Identifying continence options after stroke (ICONS): a cluster randomised controlled feasibility trial.

Journal article


Thomas, L.H., Watkins, C.L., Sutton, C.J., Forshaw, D., Leathley, M.J., French, B., Burton, C., Cheater, F., Roe, B., Britt, D., Booth, J., McColl, E., The ICONS Project Team and The ICONS Patient, Public and Carer Involvement Groups 2014. Identifying continence options after stroke (ICONS): a cluster randomised controlled feasibility trial. Trials. 15 (509).
AuthorsThomas, L.H., Watkins, C.L., Sutton, C.J., Forshaw, D., Leathley, M.J., French, B., Burton, C., Cheater, F., Roe, B., Britt, D., Booth, J., McColl, E., The ICONS Project Team and The ICONS Patient, Public and Carer Involvement Groups
Abstract

Background: Urinary incontinence (UI) affects half of patients hospitalised after stroke and is often poorly managed. Cochrane systematic reviews have shown some positive impact of conservative interventions (such as bladder training) in reducing UI, but their effectiveness has not been demonstrated with stroke patients.

Methods: We conducted a cluster randomised controlled feasibility trial of a systematic voiding programme (SVP) for the management of UI after stroke. Stroke services were randomised to receive SVP (n = 4), SVP plus supported implementation (SVP+, n = 4), or usual care (UC, n = 4). Feasibility outcomes were participant recruitment and retention. The main effectiveness outcome was presence or absence of UI at six and 12 weeks post-stroke. Additional effectiveness outcomes included were the effect of the intervention on different types of UI, continence status at discharge, UI severity, functional ability, quality of life, and death.

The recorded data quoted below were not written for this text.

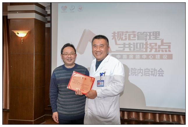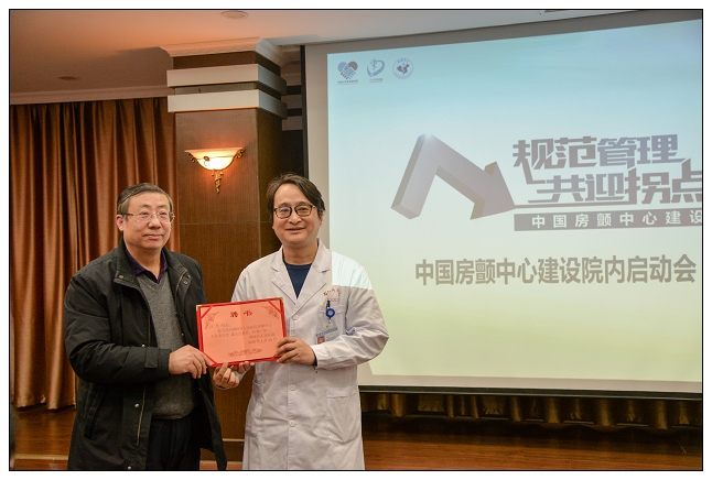 启动会上,徐健向我院授予“中国房颤中心建设单位”牌匾。
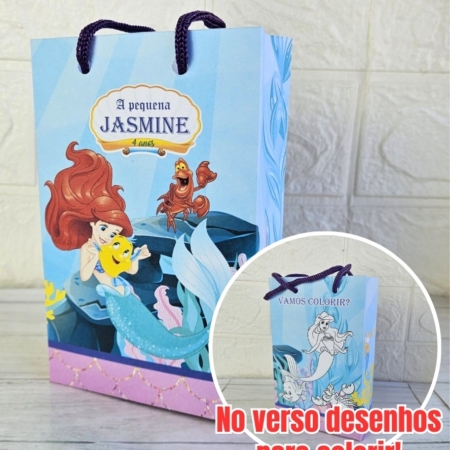 • Sacola Média Personalizada Ariel Pequena Sereia/Lembrancinha/Festa Infantil
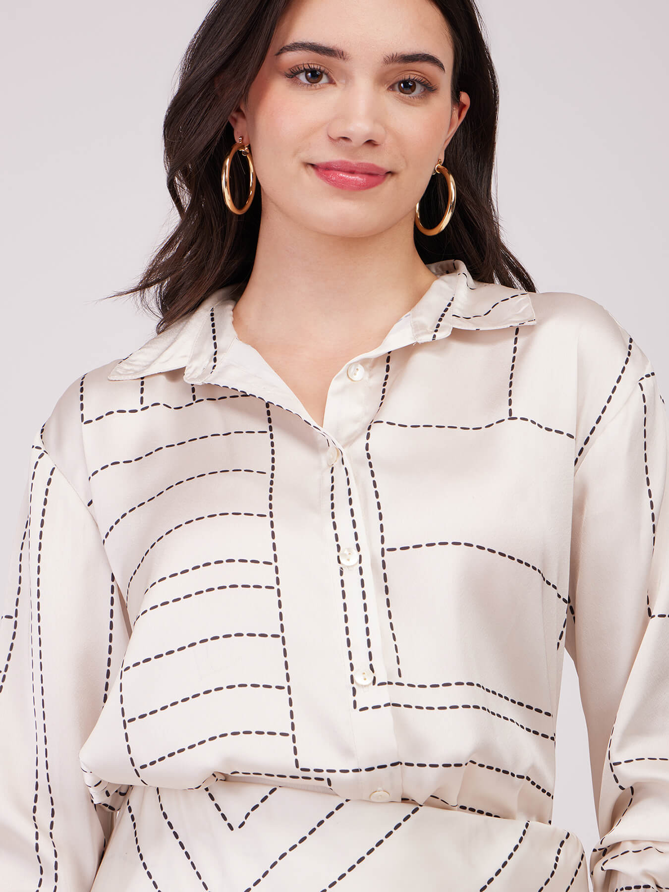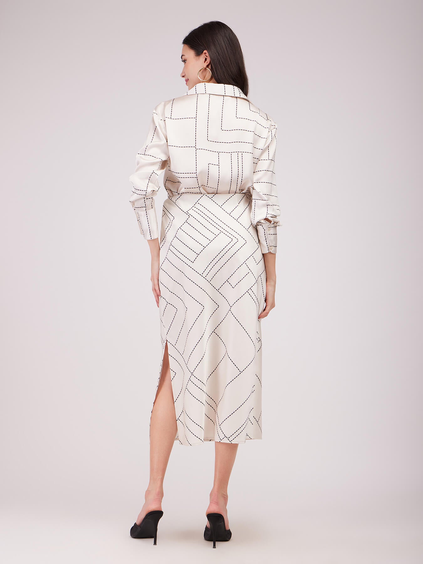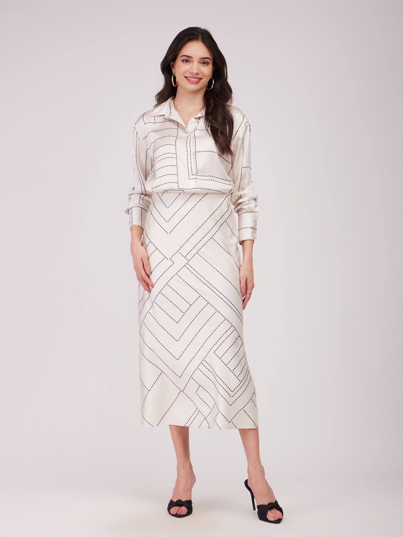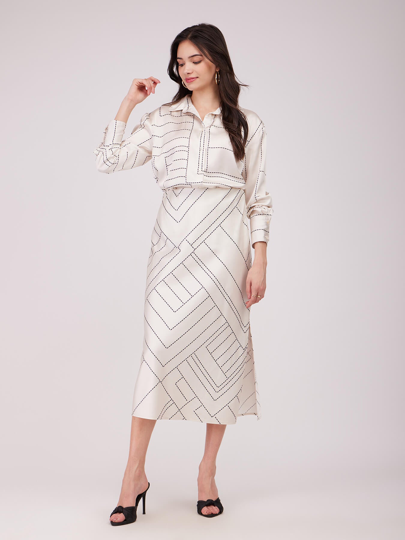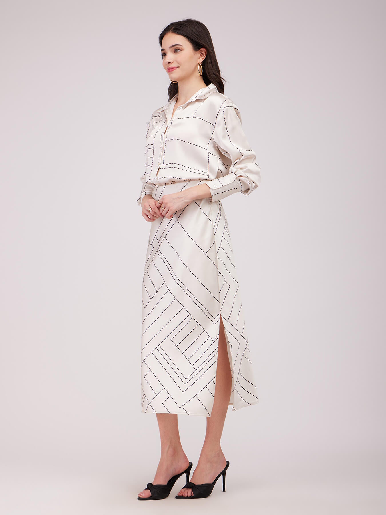 Satin Shirt And Skirt Co-ord Set - Off White And Black
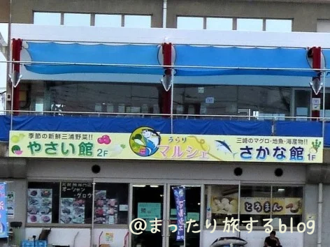 「うらりマルシェ」は三浦海業公社が運営し、マグロをはじめ旬の魚介類や野菜などを販売する「産直センター」です。マグロをメインにした小さな市場で、地元産の新鮮魚介野菜や、魚介を使った軽食も販売。マグロの希少部位も手に入れることができます。 一階に「さかな館」、2階に「やさい館」があります。
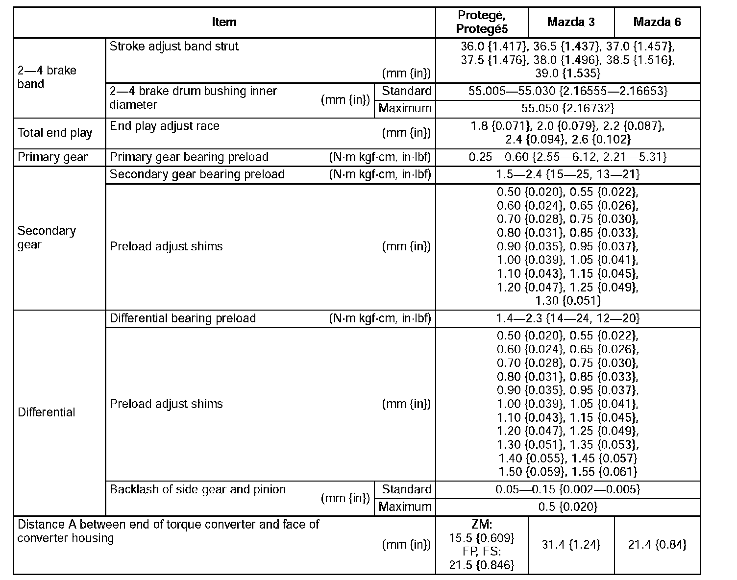 TRANSMISSION/TRANSAXLE TECHNICAL DATA

Results: It was possible to recruit patients (413; 164 SVP, 125 SVP+, and 124 UC) and participant retention
was acceptable (85% and 88% at six and 12 weeks, respectively). There was no suggestion of a beneficial
effect on the main outcome at six (SVP versus UC: odds ratio (OR) 0.94, 95% CI: 0.46 to 1.94; SVP+ versus UC:
OR: 0.62, 95% CI: 0.28 to 1.37) or 12 weeks (SVP versus UC: OR: 1.02, 95% CI: 0.54 to 1.93; SVP+ versus UC:
OR: 1.06, 95% CI: 0.54 to 2.09).

No secondary outcomes showed a strong suggestion of clinically meaningful improvement in SVP and/or SVP+
arms relative to UC at six or 12 weeks. However, at 12 weeks both intervention arms had higher estimated odds of continence than UC for patients with urge incontinence.

Conclusions: The trial has met feasibility outcomes of participant recruitment and retention. It was not powered to demonstrate effectiveness, but there is some evidence of a potential reduction in the odds of specific types of incontinence. A full trial should now be considered.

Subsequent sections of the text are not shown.